David Krakauer, a classically trained clarinettist with degrees from the Juilliard School of Music in New York, has devoted much of his adult life to the art of klezmer. Krakauer had his first encounter with klezmer music in 1980, when he heard the Eastern European Jewish klezmer master Dave Tarras play live. “Although he was already quite old and technically not so precise,” David recalled his playing, “he created a sound that sent a shiver down my spine. It was totally unforgettable!”
For centuries, klezmer music was the standard music of Ashkenazi Jews
in Eastern Europe and was played at all weddings and celebrations.
Klezmer music incorporates many ideas from Greek, Balkan, Eastern
European and Roma folk music and it is dance music, made for dancing
while holding hands or with a partner. Krakauer explains that it is the
influence of cantorial synagogue music that sets klezmer music apart
from other forms of folk music. “In particular the ornament called krechts,
a sob or squeeze in Yiddish, is a sound that makes klezmer immediately
recognisable. The is produced by playing little ghosted notes between
the main notes. This gives the illusion of the emotional catch in the
voice reminiscent of the plaintive supplication found in cantorial
singing.” The klezmer style strives to replicate the human voice – the
cries, laughs and wails of humanity.
Scores of Eastern European Jews immigrated to the United States in the
late 19th and early 20th centuries and they brought klezmer music with
them. Klezmer music flourished in Jewish circles in the early 20th
century, as did Yiddish theatre and the art of Jewish Cantor song.
Klezmer music in the United States began to draw influence from American
music, especially jazz. David Krakauer also played jazz as a teenager,
and he cites his first great musical influence as Sidney Bechet, the
great New Orleans jazz clarinettist. “Hearing his music lead me to a
great love of jazz in general, and more specifically to a deep reverence
for the tremendous individuality of artists such as Louis Armstrong,
Coleman Hawkins, Billie Holiday, Charlie Parker, John Coltrane and the
great Duke Ellington. When I started to play klezmer, I was able to
weave these influences, in conjunction with Avant-garde classical and
jazz sounds, into ‘traditional’ klezmer to create my own personal style
of improvising.”
The children of these turn-of-the-century immigrants, however, began to
assimilate into American culture and by the 1960s, interest in klezmer
music had largely died out. Then, in the 1970s, the first klezmer
revival began in the United States, led by soloists such as Giora
Feidman and bands such as The Klezmorim. These musicians attempted to
accurately recreate klezmer music from the early 20th century from old
recordings and surviving klezmer musicians in the United States.

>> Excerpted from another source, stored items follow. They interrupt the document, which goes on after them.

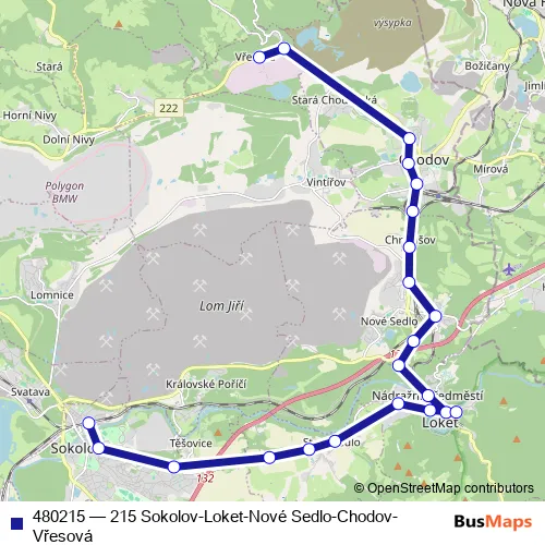 The first stop of the 480215 bus route is Chodov,aut.nádr. and the last stop is Sokolov,Terminál. 480215 (215 Sokolov-Loket-Nové Sedlo-Chodov-Vřesová) is operational during on weekdays.
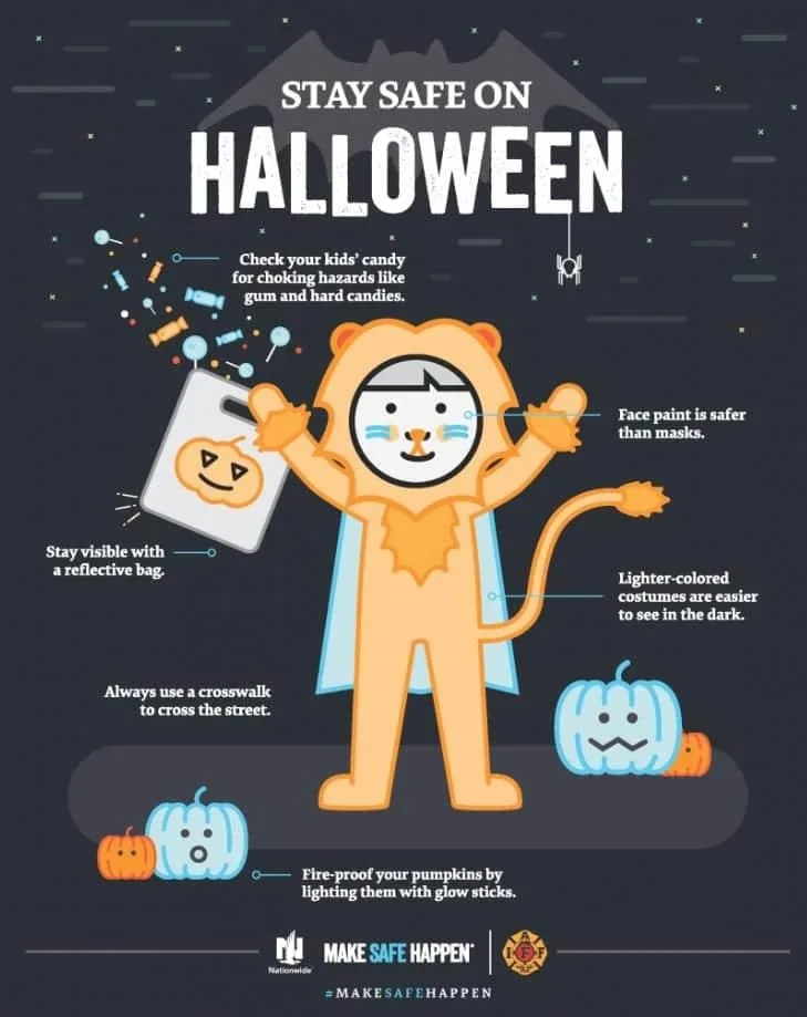 - Pedestrian injuries are very common on Halloween. Remind kids to stay in a group. They should walk on sidewalks whenever possible, or on the far edge of the road facing traffic. Crosswalks should be used whenever possible and children should always look both ways before crossing the street.
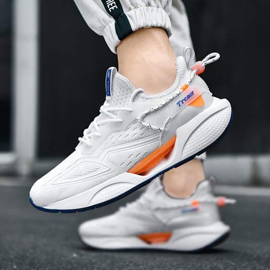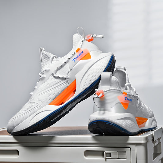 Panyan Wolfcaw Men's Sneakers - White/Black/Orange Sneakers with Air Cushion Technology, Arch Support & Non-Slip MD/TPU Sole - Low-Top Breathable Running Gym Shoes for Casual, Training, Casual Attire - All-Season Comfortable
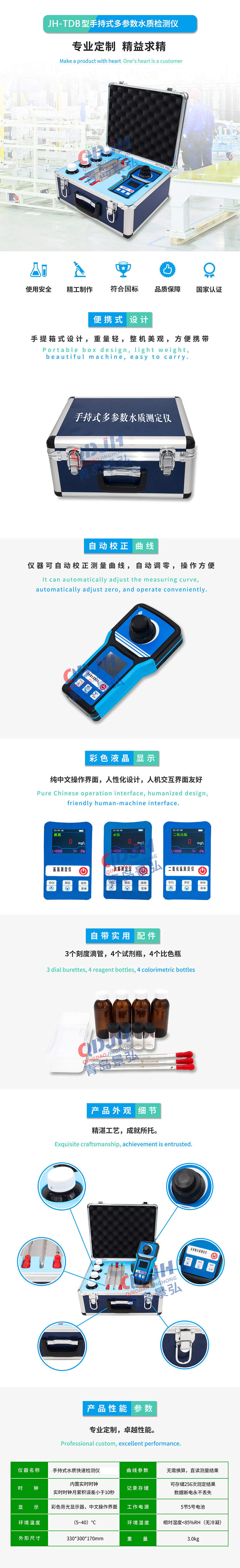 該儀器為便攜手持式設(shè)計(jì),高精度光電檢測(cè)系統(tǒng),具有彩色液晶顯示器、自動(dòng)調(diào)零、濃度直讀、曲線存儲(chǔ)、自動(dòng)打印等特點(diǎn),儀器操作簡(jiǎn)便,人機(jī)交互式操作,使用者無(wú)需復(fù)雜的專業(yè)知識(shí)即可應(yīng)用本產(chǎn)品。,在滿足用戶日常實(shí)驗(yàn)室及野外水質(zhì)測(cè)定工作的同時(shí)又兼具操作舒適、測(cè)定可靠等優(yōu)點(diǎn)。
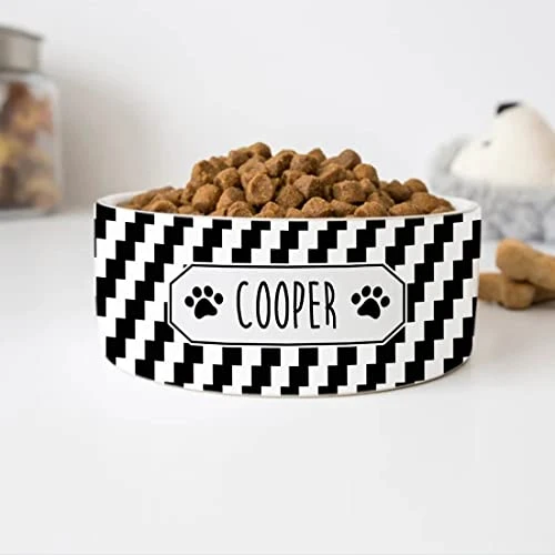 GENERIC Black & White Pattern Pet Bowl, Dog Name Bowl, Cat Name Bowl, Gift For Pets, Ceramic Bowl Available In Two Sizes

While working in New York as a classical musician, Krakauer began
experimenting with klezmer music as the second klezmer revival began in
the 1980s. In the late 1980s, Krakauer joined The Klezmatics, with whom
he toured around the world. Bands like the Klezmatics put their own
personal stamp on the music of earlier generations. “When I played with
the Klezmatics, it was not about re-performing old songs. We had
amplifiers, we were loud and we had an attitude almost like a punk
band,” Krakauer said in an interview with Radio Berlin-Brandenburg in
2011. Klezmer music gained many non-Jewish fans in both the United
States and Europe. In his early days with the Klezmatics, the band
travelled to Berlin. The experience was incredible. “Suddenly, we were
at this Festival in Berlin. We played in front of thousands of young
Berliners and they were all partying, and I thought, It’s different
here.” In talking to people throughout Europe while on tour, Krakauer
has found that people are moved to see the evolution of a European music
that came from Eastern Europe to America and then returned to Europe,
transformed by the American experience. Over the past two decades,
klezmer has also become a statement of support for multiculturalism in
Europe. “Jews before the Second World War were the multicultural
Europeans. Playing Jewish klezmer music seems to be a pro-multicultural,
pro-humanistic political act without ever being didactic or waving a
flag,” says Krakauer.
Composers have recently also succumbed to klezmer’s appeal. David
Krakauer is now a highly sought-after soloist and chamber musician and
has demonstrated his wealth of experience in classical and klezmer music
with pieces written especially for him such as Wlad Marhulet’s Concerto
for Klezmer Clarinet and Orchestra, which he performed in June 2012
with the Orchestre National de Lyon, and Osvaldo Golijov’s . He recorded
and toured with the Kronos Quartet and has performed the string
orchestra version in Detroit, Berlin, Munich, Dresden, Ulster, and
Madrid among other cities. He also tours with his bands Klezmer
Madness!, which continues to broaden the horizons of klezmer music, and
Abraham Inc., which fuses klezmer with funk and hip-hop.